#### The records
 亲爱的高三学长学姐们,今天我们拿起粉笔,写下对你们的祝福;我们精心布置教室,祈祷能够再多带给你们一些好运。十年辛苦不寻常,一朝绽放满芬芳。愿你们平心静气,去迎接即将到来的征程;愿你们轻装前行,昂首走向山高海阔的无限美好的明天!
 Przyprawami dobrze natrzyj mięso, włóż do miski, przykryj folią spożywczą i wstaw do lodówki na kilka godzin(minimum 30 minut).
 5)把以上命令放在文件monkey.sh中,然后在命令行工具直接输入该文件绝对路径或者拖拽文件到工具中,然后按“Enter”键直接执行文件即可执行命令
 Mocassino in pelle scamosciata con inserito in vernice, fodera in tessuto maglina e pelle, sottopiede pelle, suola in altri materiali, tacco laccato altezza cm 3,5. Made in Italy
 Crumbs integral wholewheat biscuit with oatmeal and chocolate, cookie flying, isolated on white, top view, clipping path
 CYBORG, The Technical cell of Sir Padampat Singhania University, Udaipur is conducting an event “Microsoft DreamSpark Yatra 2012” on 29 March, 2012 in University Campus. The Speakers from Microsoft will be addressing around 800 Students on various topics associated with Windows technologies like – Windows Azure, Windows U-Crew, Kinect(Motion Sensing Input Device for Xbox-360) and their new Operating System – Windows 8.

--

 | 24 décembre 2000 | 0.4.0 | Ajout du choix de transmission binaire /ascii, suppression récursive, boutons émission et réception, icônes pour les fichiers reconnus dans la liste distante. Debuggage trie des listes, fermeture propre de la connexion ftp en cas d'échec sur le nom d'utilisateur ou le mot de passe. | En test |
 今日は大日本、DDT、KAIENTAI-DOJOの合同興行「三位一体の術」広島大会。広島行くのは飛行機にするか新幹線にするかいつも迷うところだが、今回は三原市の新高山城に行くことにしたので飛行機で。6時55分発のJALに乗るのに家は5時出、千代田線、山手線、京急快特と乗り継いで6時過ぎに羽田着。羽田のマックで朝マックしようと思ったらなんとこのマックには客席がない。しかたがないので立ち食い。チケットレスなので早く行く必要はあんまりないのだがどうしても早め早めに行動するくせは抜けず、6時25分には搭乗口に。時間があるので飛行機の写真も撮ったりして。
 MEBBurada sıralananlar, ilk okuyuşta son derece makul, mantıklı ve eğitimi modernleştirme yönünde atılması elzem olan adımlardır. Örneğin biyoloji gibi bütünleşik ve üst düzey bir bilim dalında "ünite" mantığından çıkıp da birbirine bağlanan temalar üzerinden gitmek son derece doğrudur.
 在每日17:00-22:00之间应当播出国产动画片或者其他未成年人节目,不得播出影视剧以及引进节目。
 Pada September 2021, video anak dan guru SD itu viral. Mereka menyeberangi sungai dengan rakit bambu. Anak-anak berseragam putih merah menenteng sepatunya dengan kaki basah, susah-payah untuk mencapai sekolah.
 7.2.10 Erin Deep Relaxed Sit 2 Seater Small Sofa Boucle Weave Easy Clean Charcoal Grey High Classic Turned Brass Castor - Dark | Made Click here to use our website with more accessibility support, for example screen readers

---

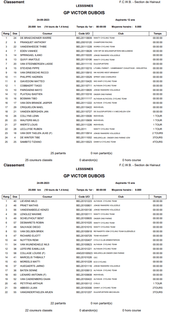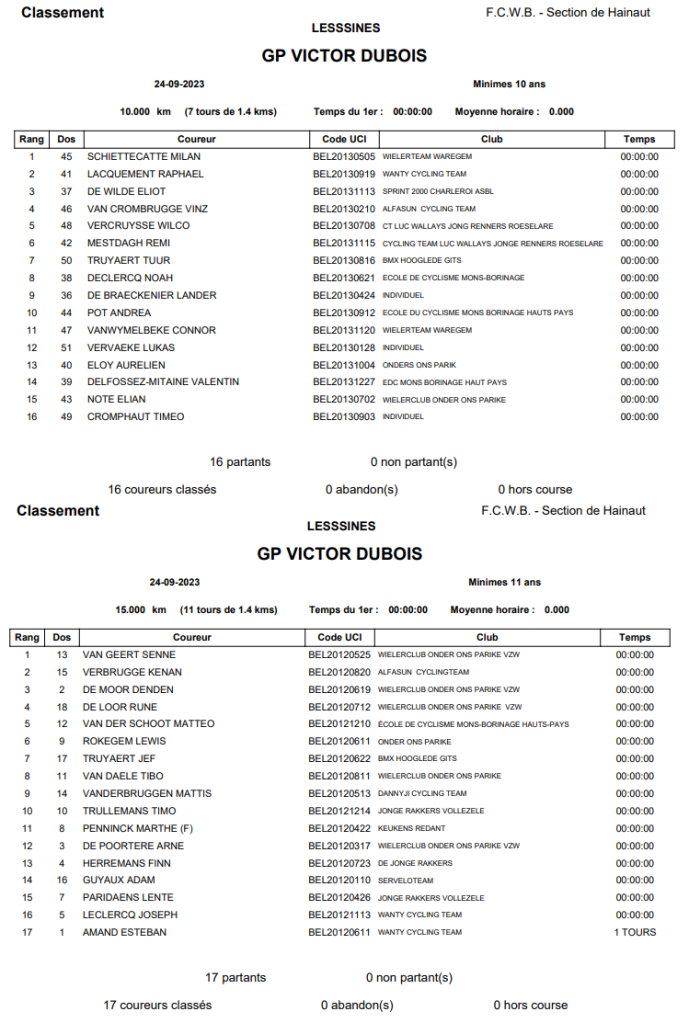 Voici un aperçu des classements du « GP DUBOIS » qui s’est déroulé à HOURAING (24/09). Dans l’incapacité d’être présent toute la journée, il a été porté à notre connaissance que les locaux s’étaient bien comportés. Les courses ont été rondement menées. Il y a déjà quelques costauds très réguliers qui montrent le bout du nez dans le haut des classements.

#### Task instructions
Determine how many lines of the data include the word "Made". Reply with the count and no other text.

#### Response to the exercise
2